Она лежала, повернув голову, чтобы видеть, кто пришел, и в зрачках у нее на мгновение плеснулся ужас, а потом сразу же они стали черными, непроницаемыми, зеркальными. Она тяжело выдохнула, и капитан понял, кого она боялась увидеть. И снова, в который раз за неполную минуту, что он находился здесь, рядом с ней, Лысенко остро пожалел ее и возненавидел себя – за то, что мог не приходить, но все-таки поддался смятению и явился сюда… напоминанием всего того кошмара, что она еще не забыла и не пережила.
– Как вы себя чувствуете? – зачем-то спросил он и поискал глазами, на что бы сесть.
Единственный стул был занят каким-то совершенно не медицинского вида прибором.
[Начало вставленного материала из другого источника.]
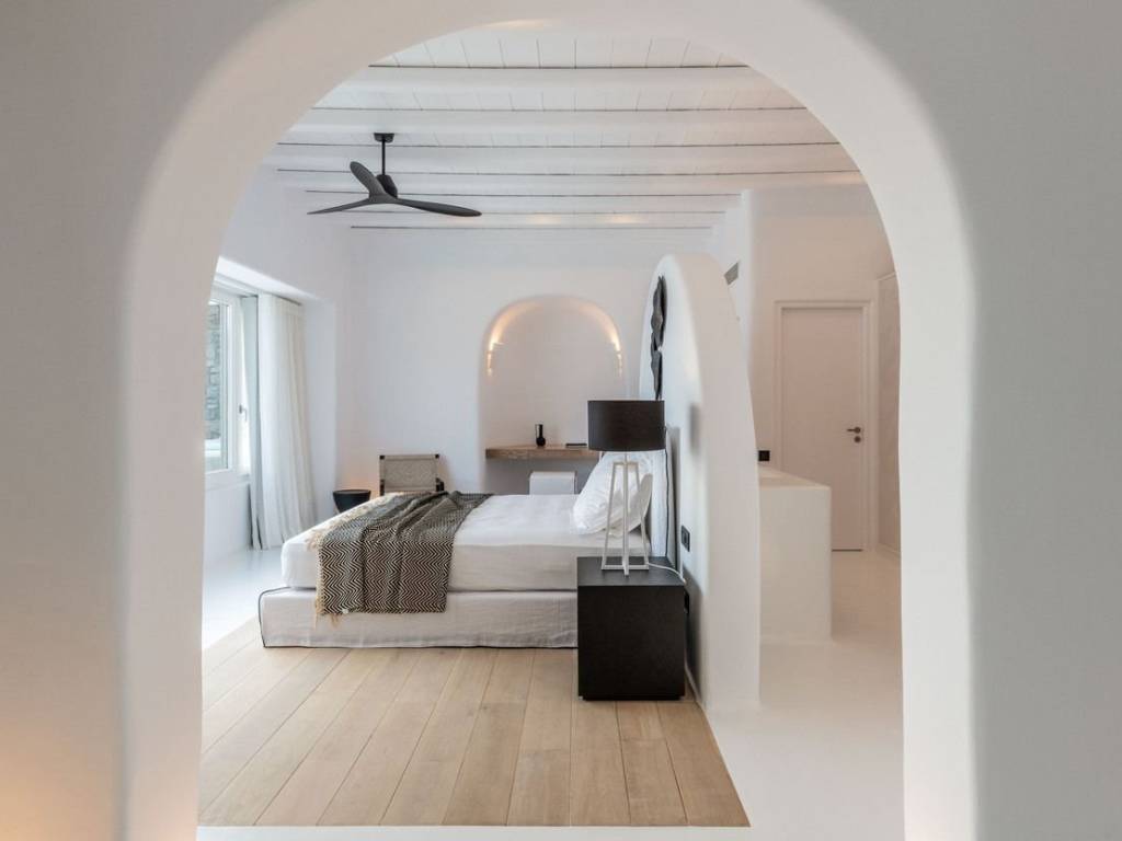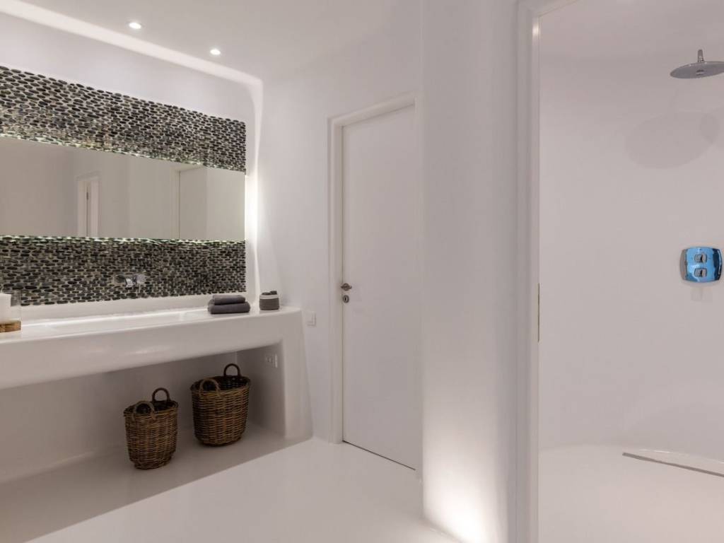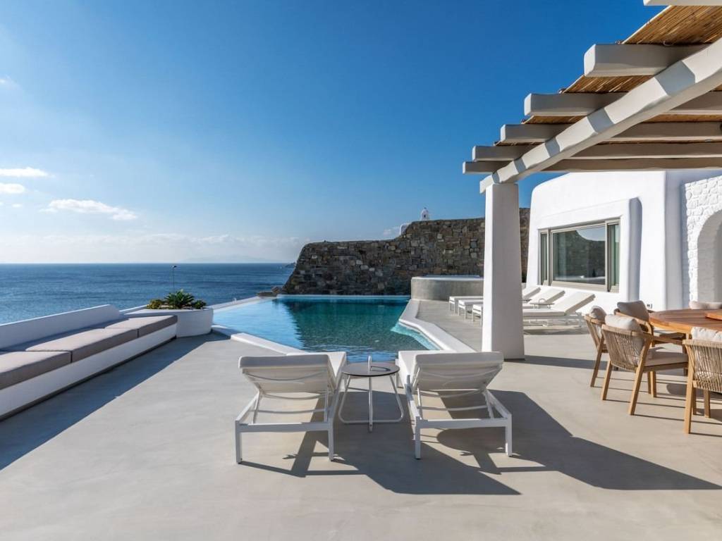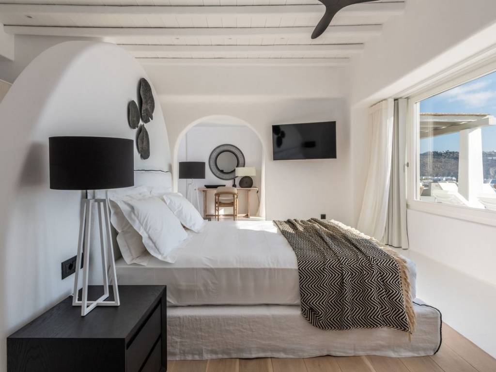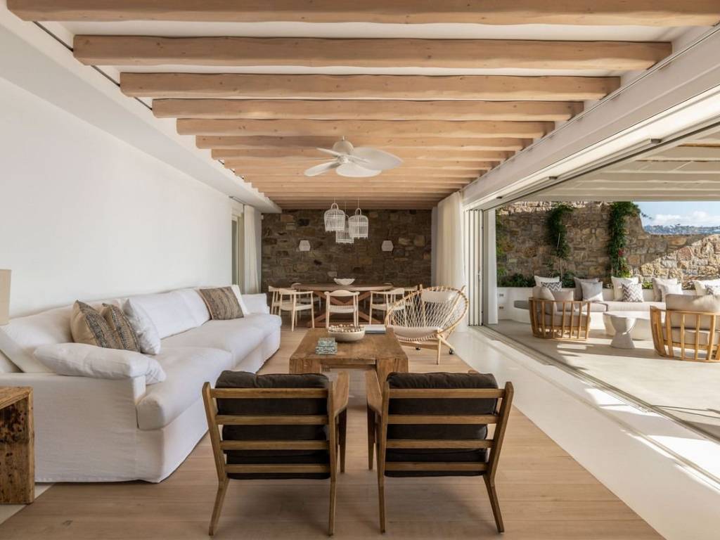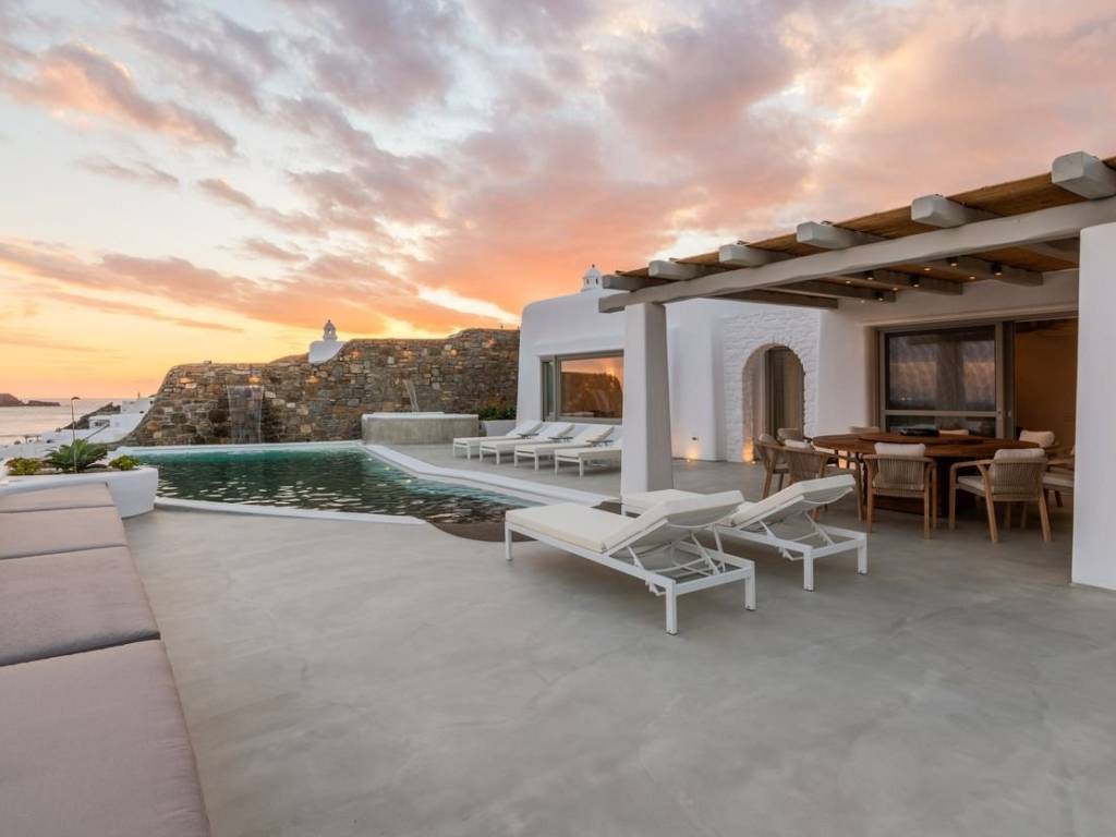 This luxurious villa is located in the Cavo Glyfadi area of Aleomandra, Mykonos. The residence offers stunning sea views and panoramic sunsets, set on a 1,000 sq.m. plot with approximately 710 sq.m. of built space. The property features an expansive swimming pool with jacuzzi, sun-drenched terraces, an open-air bar, shaded seating and dining areas, and a barbecue corner. Due to the hillside location, the villa extends over two levels. The interior combines Mediterranean charm with elegant, contemporary design. The ground floor includes five master bedrooms with direct access to wellness amenities such as a steam room (“hammam”) and a gym. Additional facilities on this level include a laundry room, an en-suite bedroom for service personnel, and independent staff quarters. The first floor houses an open-plan living and dining area, a fully equipped modern kitchen, a master bedroom, and a guest toilet. High-quality finishes and thoughtful details are present throughout, including wooden-plank ceilings, oak flooring, a lift, an alarm system, pre-installation for CCTV, and a solar water heating system. This villa combines refined design, luxury, and functional planning, offering privacy, comfort, and spectacular views while integrating seamlessly with the Aleomandra coastline. The unique beauty and appeal of Mykonos island are palpable from the very first moment onwards. Its majestic rolling topography and its unbeatable Cycladic backdrop set the island among the most sought-after destinations worldwide. Mykonos is one of the trendiest islands globally since it blends superbly bustling and hustling cosmopolitan areas with urban life and vivid nightlife, with romantic and idyllic remote lodges for homelovers. The sunny Cycladic plateau of the island exceeds all year round while the Myconian scenery provokes various leisure challenges. It is composed of picturesque bays, such as Ornos, with glitteringly white beaches and turquoise Aegean Sea waters that boast a panoramic outlook of the islets “Delos” and “Rheneia”. On top of that the majority of the bays of Mykonos constitute a frequent anchorage of many boats and yachts for those who would rather a more developed resort atmosphere. Mykonos is an “international cradle” and “multi-cultural meeting point” for fashion trends, artistic and social movements, and business jet-set. Mykonos is just two and a half hours flight from central Europe and some twenty-five minutes flight from Athens. Last but not least it belongs among the top destinations for return of investment within the Mediterranean region.

Поколебавшись, не переставить ли его куда-нибудь в другое место, он все же не стал этого делать и присел рядом с кроватью на корточки, так что их глаза оказались примерно на одном уровне. Это почему-то обеспокоило распростертую на кровати женщину, и она попыталась приподняться.
– Лежите, лежите, – всполошился пришедший с визитом и еще раз спросил: – Как вы себя чувствуете, Рита?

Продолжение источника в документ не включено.